* _INPUT DATA_
****

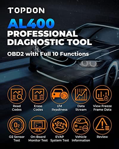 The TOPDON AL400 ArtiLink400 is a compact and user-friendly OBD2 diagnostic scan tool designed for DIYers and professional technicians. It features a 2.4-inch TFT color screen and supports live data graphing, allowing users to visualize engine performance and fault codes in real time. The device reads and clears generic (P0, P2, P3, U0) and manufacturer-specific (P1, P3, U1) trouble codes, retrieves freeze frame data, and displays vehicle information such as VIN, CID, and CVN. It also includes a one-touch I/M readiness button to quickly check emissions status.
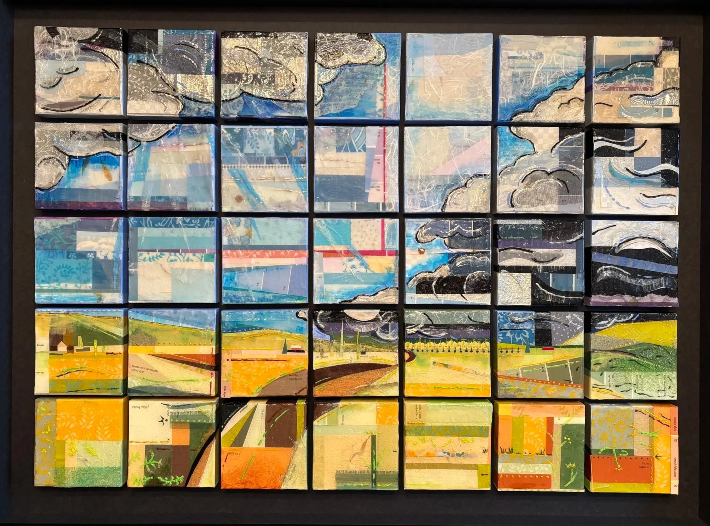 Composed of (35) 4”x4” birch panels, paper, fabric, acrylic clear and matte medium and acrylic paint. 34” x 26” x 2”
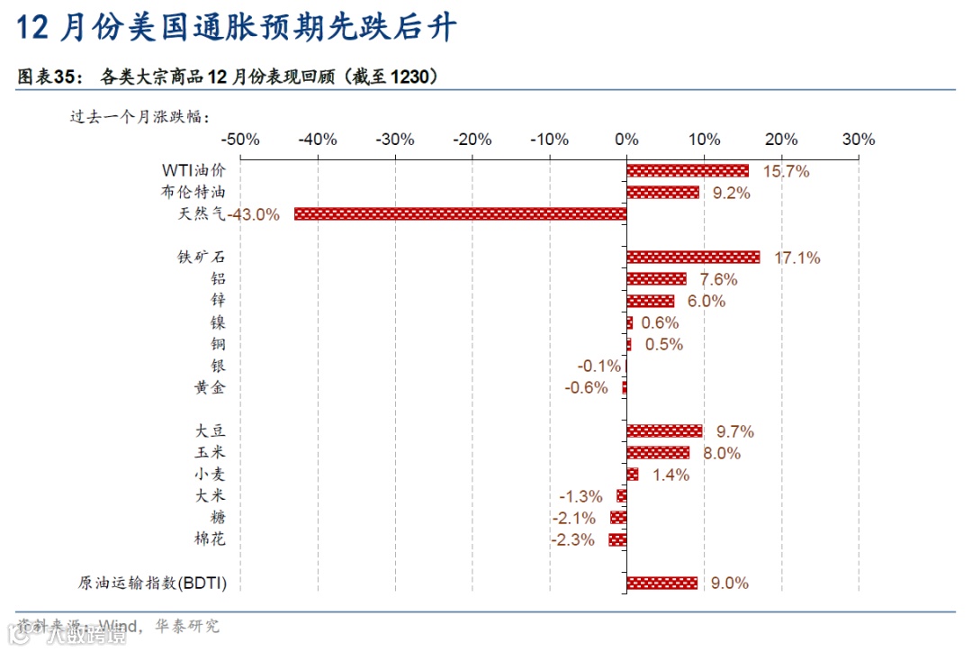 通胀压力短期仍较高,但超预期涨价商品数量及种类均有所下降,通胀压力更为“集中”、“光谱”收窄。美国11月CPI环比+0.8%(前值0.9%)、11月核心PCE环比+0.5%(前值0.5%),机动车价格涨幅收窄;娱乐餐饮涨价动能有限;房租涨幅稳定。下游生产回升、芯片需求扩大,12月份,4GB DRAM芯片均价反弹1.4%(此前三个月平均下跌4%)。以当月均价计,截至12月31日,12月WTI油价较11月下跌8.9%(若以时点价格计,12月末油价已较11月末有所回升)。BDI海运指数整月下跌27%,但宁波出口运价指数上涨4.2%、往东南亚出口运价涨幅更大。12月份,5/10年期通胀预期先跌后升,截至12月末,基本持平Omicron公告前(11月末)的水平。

****

* _ASSIGNED TASK_
Would you set down each line of the data exactly, with no images included?

* _RESPONSE TO THE TASK_
 The TOPDON AL400 ArtiLink400 is a compact and user-friendly OBD2 diagnostic scan tool designed for DIYers and professional technicians. It features a 2.4-inch TFT color screen and supports live data graphing, allowing users to visualize engine performance and fault codes in real time. The device reads and clears generic (P0, P2, P3, U0) and manufacturer-specific (P1, P3, U1) trouble codes, retrieves freeze frame data, and displays vehicle information such as VIN, CID, and CVN. It also includes a one-touch I/M readiness button to quickly check emissions status.
 Composed of (35) 4”x4” birch panels, paper, fabric, acrylic clear and matte medium and acrylic paint. 34” x 26” x 2”
 通胀压力短期仍较高,但超预期涨价商品数量及种类均有所下降,通胀压力更为“集中”、“光谱”收窄。美国11月CPI环比+0.8%(前值0.9%)、11月核心PCE环比+0.5%(前值0.5%),机动车价格涨幅收窄;娱乐餐饮涨价动能有限;房租涨幅稳定。下游生产回升、芯片需求扩大,12月份,4GB DRAM芯片均价反弹1.4%(此前三个月平均下跌4%)。以当月均价计,截至12月31日,12月WTI油价较11月下跌8.9%(若以时点价格计,12月末油价已较11月末有所回升)。BDI海运指数整月下跌27%,但宁波出口运价指数上涨4.2%、往东南亚出口运价涨幅更大。12月份,5/10年期通胀预期先跌后升,截至12月末,基本持平Omicron公告前(11月末)的水平。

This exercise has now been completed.